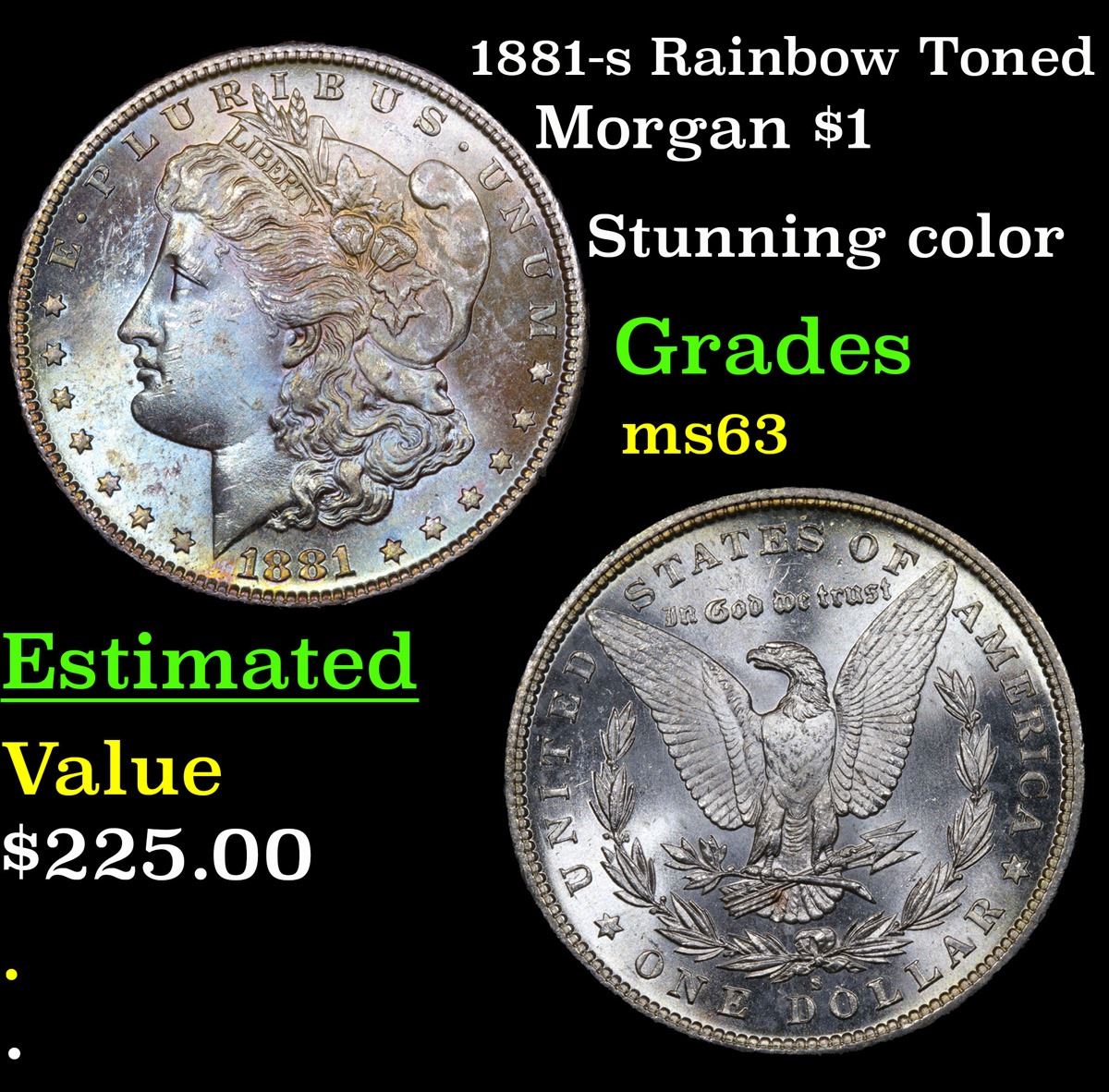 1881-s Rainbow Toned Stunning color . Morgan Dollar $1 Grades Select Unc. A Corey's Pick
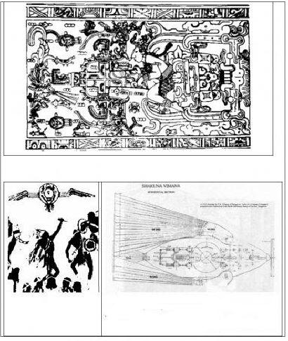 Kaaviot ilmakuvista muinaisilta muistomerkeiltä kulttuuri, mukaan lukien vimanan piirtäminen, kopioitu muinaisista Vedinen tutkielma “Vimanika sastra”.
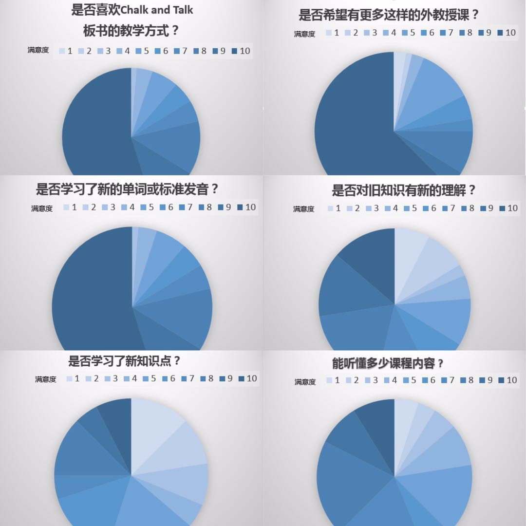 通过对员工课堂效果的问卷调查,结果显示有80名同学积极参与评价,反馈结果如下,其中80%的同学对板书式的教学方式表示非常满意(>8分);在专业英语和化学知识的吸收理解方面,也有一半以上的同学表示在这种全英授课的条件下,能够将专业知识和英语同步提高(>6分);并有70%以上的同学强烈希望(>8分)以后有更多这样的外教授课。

────────

YOUR OBJECTIVE – The lines to copy run from the one with "Kaaviot ilmakuvista muinaisilta" through the end of the material. Write them out exactly, leaving out the pictures.

ANSWER AREA –
 Kaaviot ilmakuvista muinaisilta muistomerkeiltä kulttuuri, mukaan lukien vimanan piirtäminen, kopioitu muinaisista Vedinen tutkielma “Vimanika sastra”.
 通过对员工课堂效果的问卷调查,结果显示有80名同学积极参与评价,反馈结果如下,其中80%的同学对板书式的教学方式表示非常满意(>8分);在专业英语和化学知识的吸收理解方面,也有一半以上的同学表示在这种全英授课的条件下,能够将专业知识和英语同步提高(>6分);并有70%以上的同学强烈希望(>8分)以后有更多这样的外教授课。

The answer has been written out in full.